4 Key Tips to Consider when Recruiting Generation Z | Corporate Resources of Illinois

For the last several years’ employers have been sharpening their recruiting skills, targeting and adapting to the demands of the Millennials.  Every employer constantly searches for the best ways to attract and hire some of the best young talent out there.  However successful their efforts are, by now many employers have a system in place for recruiting this generation.  Well, you may want to hold on to your recruiting hats as recruiting is about to get a whole lot more interesting as Generation Z is coming into play.

Generation Z is defined as anyone born after 1995.  Their age range is roughly from ages 2-19 and although this group is still quite young, trust us when we say they will be a force to be reckoned with and they’re just getting started.  As of today and according to the Census Bureau Gen Z represents more than 20% of the U.S. Population.  A recent study released last December takes a closer look at Generation Z.  From this study and our tips, we’ll get you ready for this upcoming generation.


1.Technology: We can’t express enough how technically inclined this group is.  They are beyond the Millennials as they’ve grown up with either a smart phone or tablet/iPad in their hands.  Access to technology is essential for this group, and they will most likely align themselves with companies that understand and support their technology demands.  Companies with out-of-date tech practices will have a harder time recruiting these youngsters.

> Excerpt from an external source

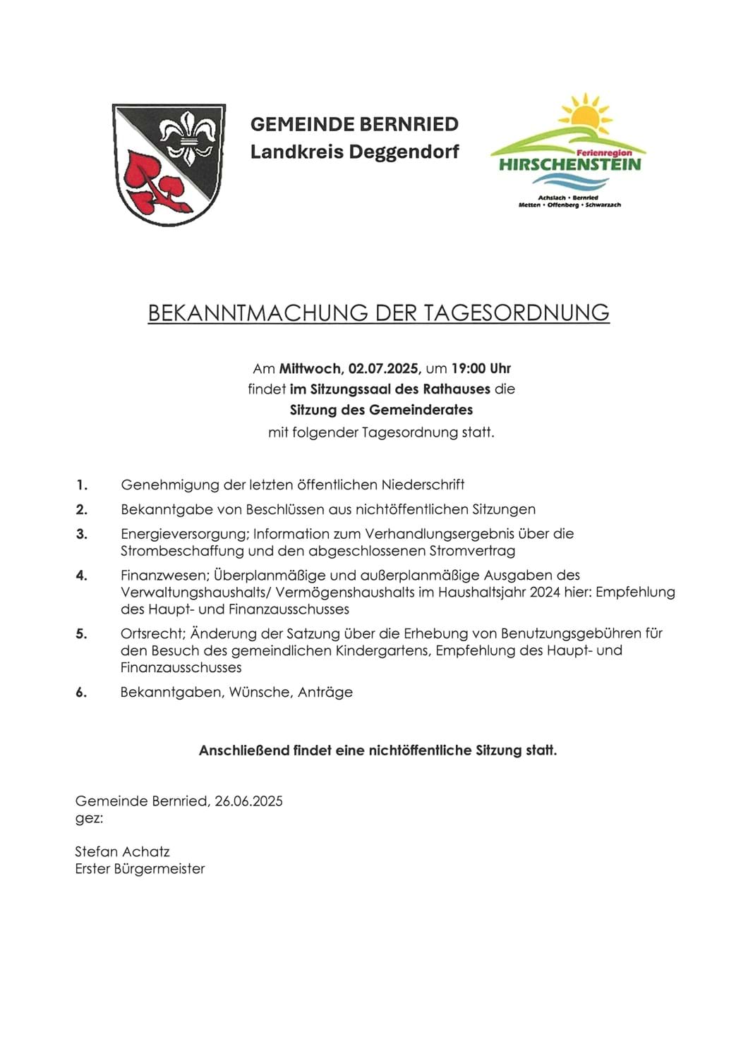Meldung vom 27.06.2025 Bekanntmachung - Gemeinderatssitzung am Mittwoch, 02.07.2025 im Sitzungssaal des Rathauses

2.Diversity: According to the study, Gen Z is America’s most diverse to date.  Multi-racial marriages are creating a more diverse generation.  The Census Bureau reports that by 2020, over fifty percent of the children under 18 “are expected to be part of a minority race or ethnic group.”  This group is living and thriving in a diverse world.  Their families are diverse, and their friends and community members have equally diverse backgrounds.  That said, Gen Z will expect a diverse work environment.  Companies must constantly look for ways to improve their workforce diversity in order to attract this future talent.

3.Financially Conservative: Gen Zer’s have witnessed firsthand what a recession looks and feels like.  In many cases, they’ve seen the effects of unemployment with their own homes and community.  According to the report, Gen Zer’s are more concerned about racking up student loan debt and “believe that ‘a lot of money’ is evidence of success.”  Because of these reasons, they are more likely to take a more cautious approach when it comes to their career choices and employers.

4. Entrepreneurial: Gen Z has a start-up mentality. A “recent Harvard Business Review article suggested that nearly 70% of Gen-Z teens were “self-employed” (e.g., teaching piano lessons, selling goods on eBay).”   Look for some of the best creative minds coming out of this sector.  This group will use their entrepreneurial spirit to find the right company to work for, or they’ll create their own businesses themselves.


At nearly 70 million in size and growing, the Generation Z group will require different recruiting approaches and those employers who are already communicating and preparing for their impact on the workforce will have the most success.  Have you considered whether your company and recruiting tactics today can support the demands of our youth tomorrow?